## WHAT YOU WILL DO
Please give all of the data again, character for character, and drop the pictures.

## INPUT MATERIAL

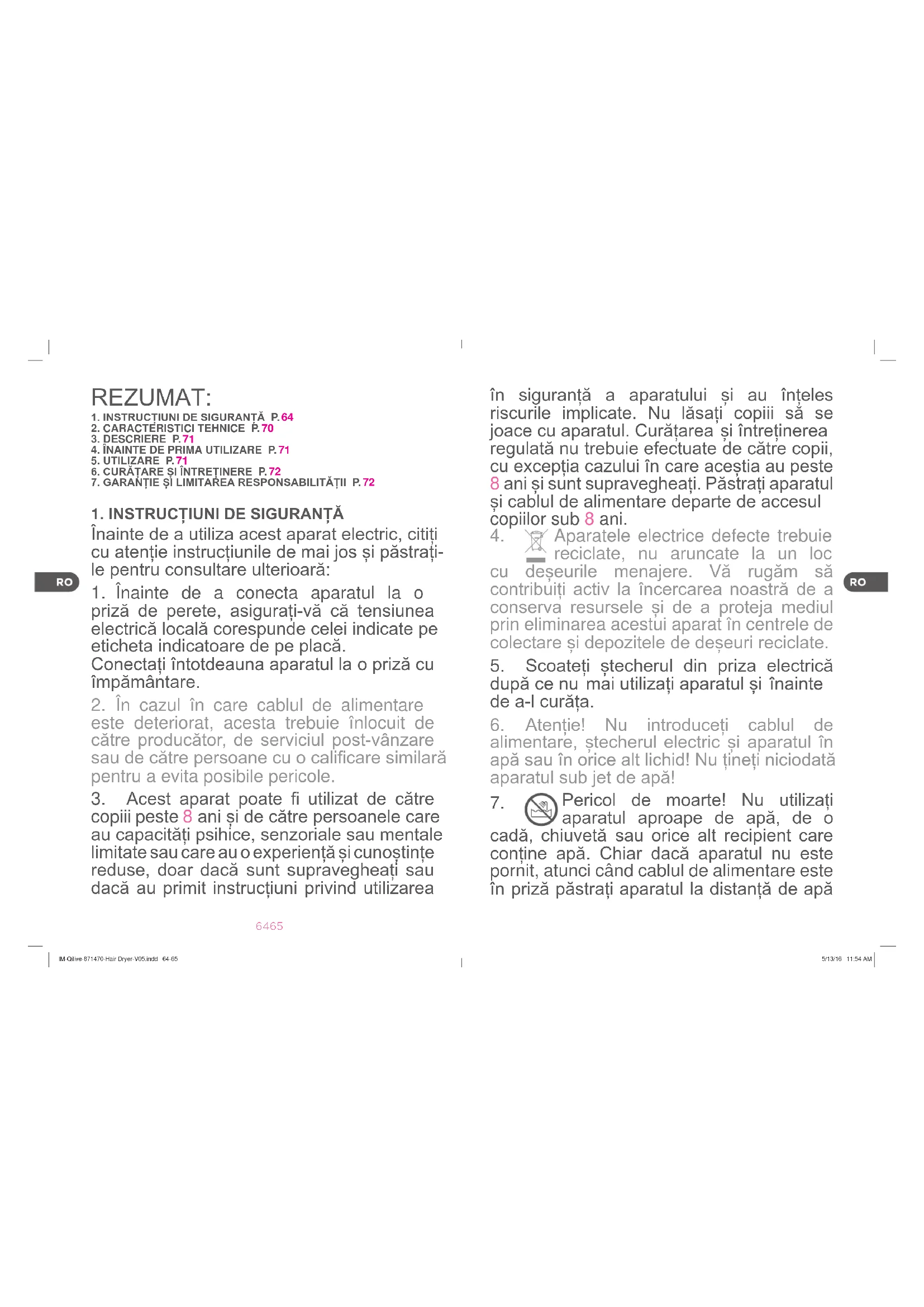 Pericol de moarte! Nu utilizați aparatul aproape de apă, de o cadă, chiuvetă sau orice alt recipient care conține apă. Chiar dacă aparatul nu este pornit, atunci când cablul de alimentare este în priză păstrați aparatul la distanță de apă IM-Qilive-871470-Hair Dryer-V05.indd 64-65 5/13/16 11:54 AM66 67 și de orice alt lichid.
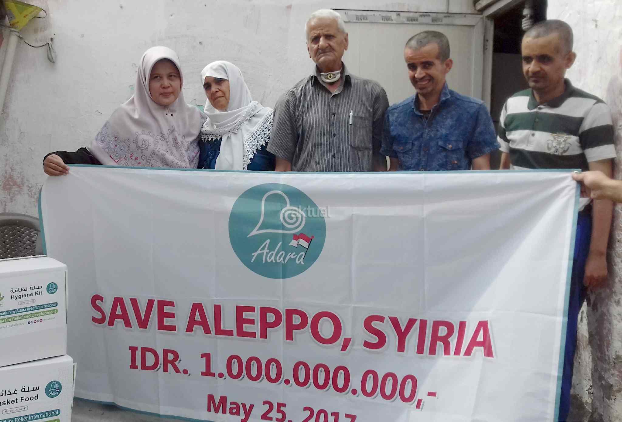 Ketua Adara Relief International, Nurjanah Hulwani menyerahkan bantuan kepada pengungsi Suriah asal Aleppo dan Idlib di Kota Antakya, Provinsi Hatay Turki, Kamis (25/5/2017). Total bantuan yang diserahkan senilai Rp 1 miliar. Bantuan untuk warga Suriah, khususnya Aleppo dan Idlib, diserahkan melalui lembaga sosial kemanusiaan Athaa’ Relief yang berkantor di Istanbul Turki. AKTUAL/HO
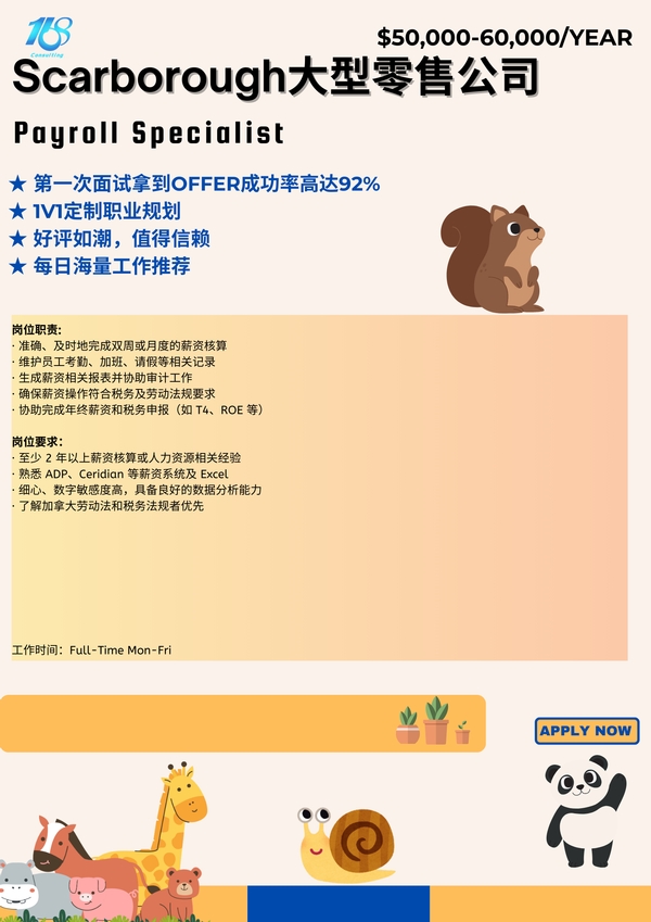 【168中介内推】Scarborough大型零售公司诚聘Payroll Specialist
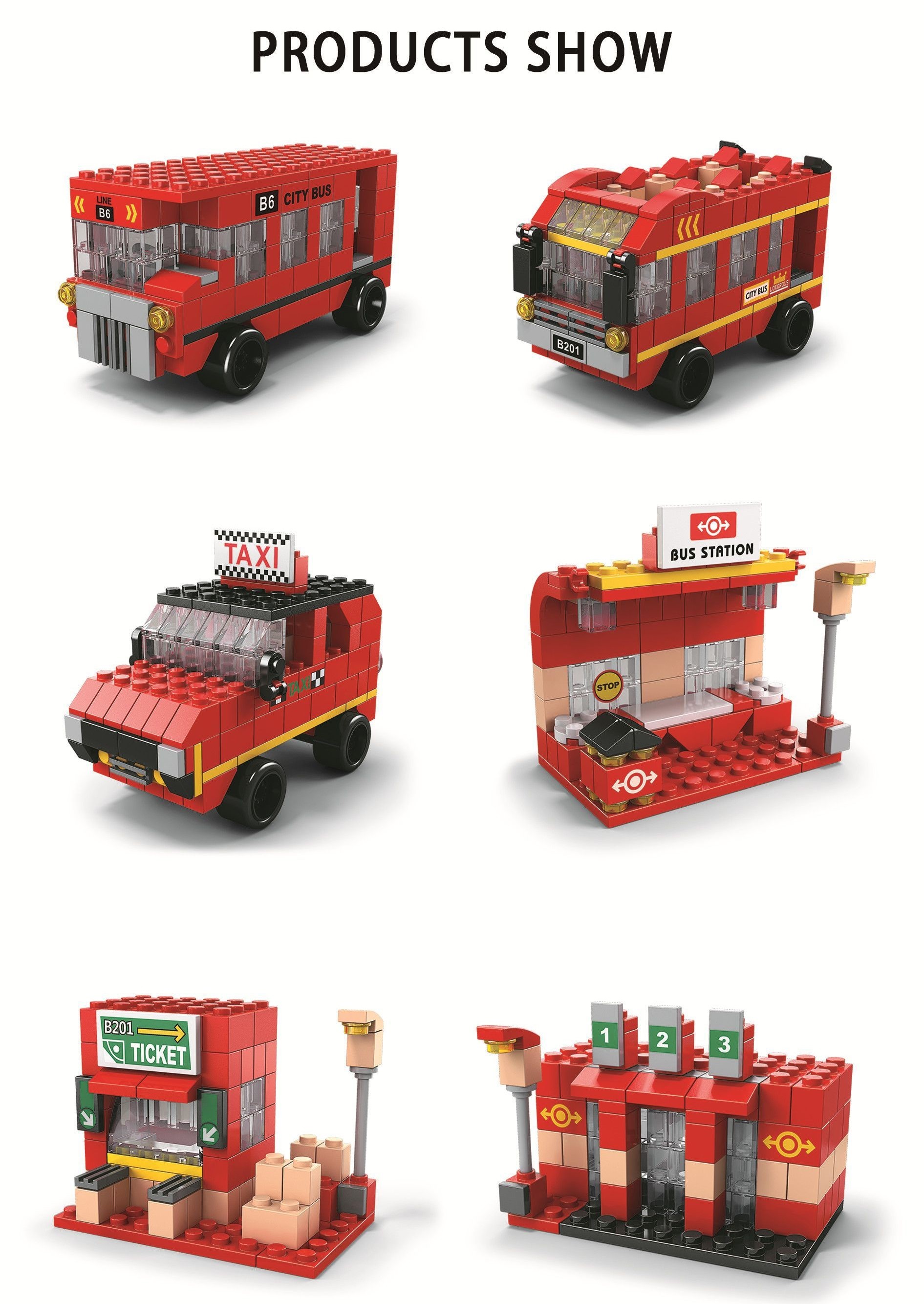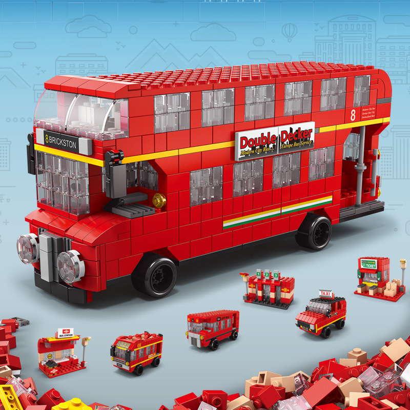 Bộ xếp hình lắp ghép 1000 chi tiết xe bus hai tầng 6 trong 1 với nhiều chi tiết, mẫu ghép khác nhau cho bé:
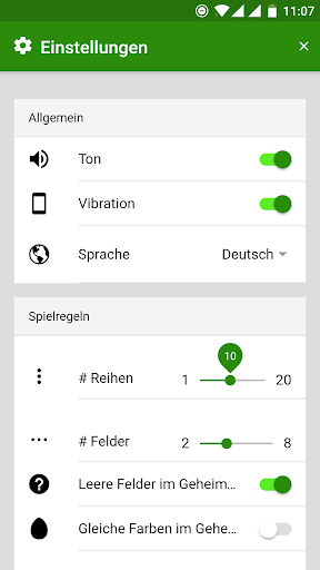 Ogni partita è una nuova sfida, devi tatticamente indovinare un altro codice segreto. Per farlo, puoi impostare diversi colori in ogni riga. L'app ti dirà quante ipotesi fossero corrette e se la posizione dei perni colorati è giusta. Con questa conoscenza, impostare nuove righe è facile. Bene, almeno se hai un cervello del master;)
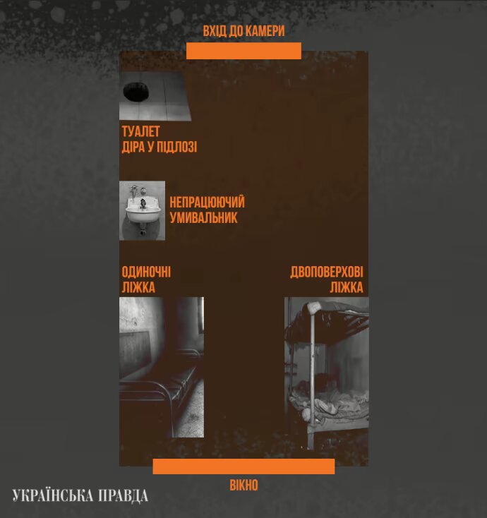 Питної води не було – лише з-під крана. Ця вода була зеленуватого відтінку і пахла рибою. Мила в камері не було, лише невелика ганчірка, якою ув’язнені мили посуд.
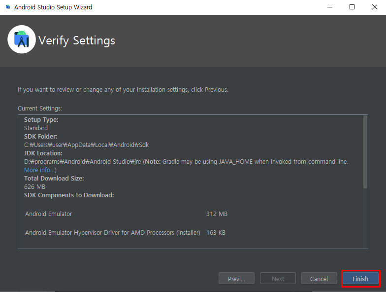 - 검토 후 "Finish"를 눌러서 기타설정사항들을 설치!!
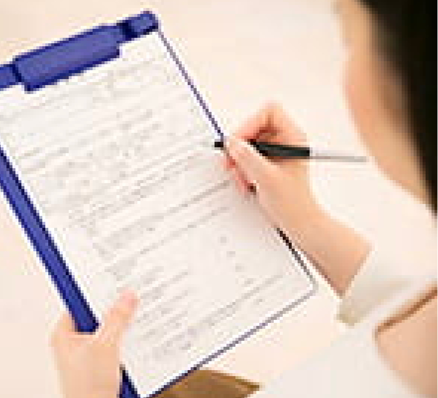 待合にて問診票のご記入をお願いしています。記入が終わりましたら受付にお戻しください。
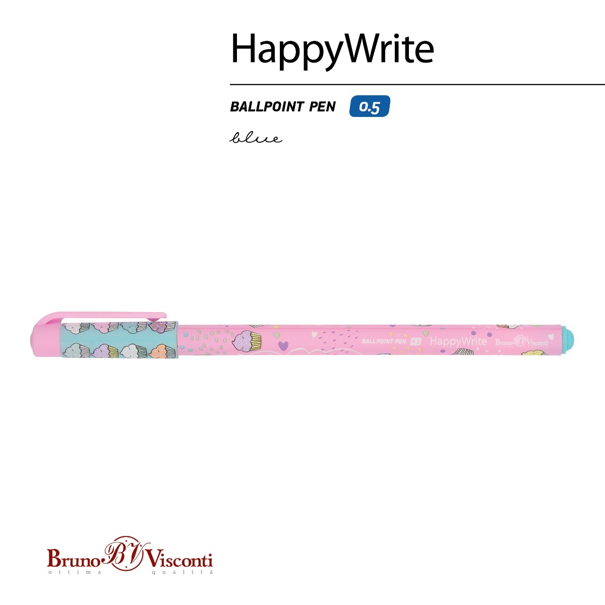Ручка шариковая синяя BV HappyWrite My Sweet. Капкейки 0,5мм
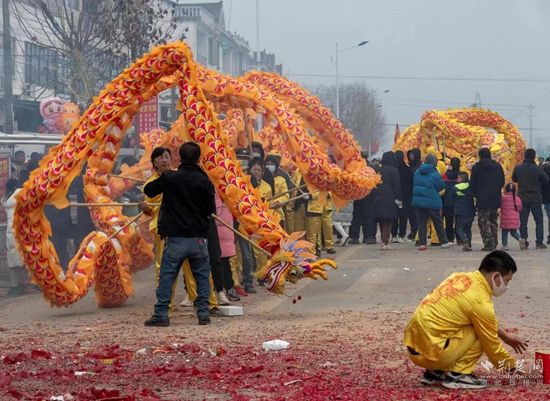 荊楚網(wǎng)(湖北日報網(wǎng))訊(通訊員 董劍橋 陳鈺)2月5日,蘄春縣金龍鬧元宵巡游活動拉開序幕,由橫車鎮(zhèn)界嶺村民自發(fā)組織的三條舞龍隊伍敲鑼打鼓、踏歌起舞,整個小鎮(zhèn)人聲鼎沸、熱鬧非凡。

## TASK OUTPUT
 Pericol de moarte! Nu utilizați aparatul aproape de apă, de o cadă, chiuvetă sau orice alt recipient care conține apă. Chiar dacă aparatul nu este pornit, atunci când cablul de alimentare este în priză păstrați aparatul la distanță de apă IM-Qilive-871470-Hair Dryer-V05.indd 64-65 5/13/16 11:54 AM66 67 și de orice alt lichid.
 Ketua Adara Relief International, Nurjanah Hulwani menyerahkan bantuan kepada pengungsi Suriah asal Aleppo dan Idlib di Kota Antakya, Provinsi Hatay Turki, Kamis (25/5/2017). Total bantuan yang diserahkan senilai Rp 1 miliar. Bantuan untuk warga Suriah, khususnya Aleppo dan Idlib, diserahkan melalui lembaga sosial kemanusiaan Athaa’ Relief yang berkantor di Istanbul Turki. AKTUAL/HO
 【168中介内推】Scarborough大型零售公司诚聘Payroll Specialist
 Bộ xếp hình lắp ghép 1000 chi tiết xe bus hai tầng 6 trong 1 với nhiều chi tiết, mẫu ghép khác nhau cho bé:
 Ogni partita è una nuova sfida, devi tatticamente indovinare un altro codice segreto. Per farlo, puoi impostare diversi colori in ogni riga. L'app ti dirà quante ipotesi fossero corrette e se la posizione dei perni colorati è giusta. Con questa conoscenza, impostare nuove righe è facile. Bene, almeno se hai un cervello del master;)
 Питної води не було – лише з-під крана. Ця вода була зеленуватого відтінку і пахла рибою. Мила в камері не було, лише невелика ганчірка, якою ув’язнені мили посуд.
 - 검토 후 "Finish"를 눌러서 기타설정사항들을 설치!!
 待合にて問診票のご記入をお願いしています。記入が終わりましたら受付にお戻しください。
Ручка шариковая синяя BV HappyWrite My Sweet. Капкейки 0,5мм
 荊楚網(wǎng)(湖北日報網(wǎng))訊(通訊員 董劍橋 陳鈺)2月5日,蘄春縣金龍鬧元宵巡游活動拉開序幕,由橫車鎮(zhèn)界嶺村民自發(fā)組織的三條舞龍隊伍敲鑼打鼓、踏歌起舞,整個小鎮(zhèn)人聲鼎沸、熱鬧非凡。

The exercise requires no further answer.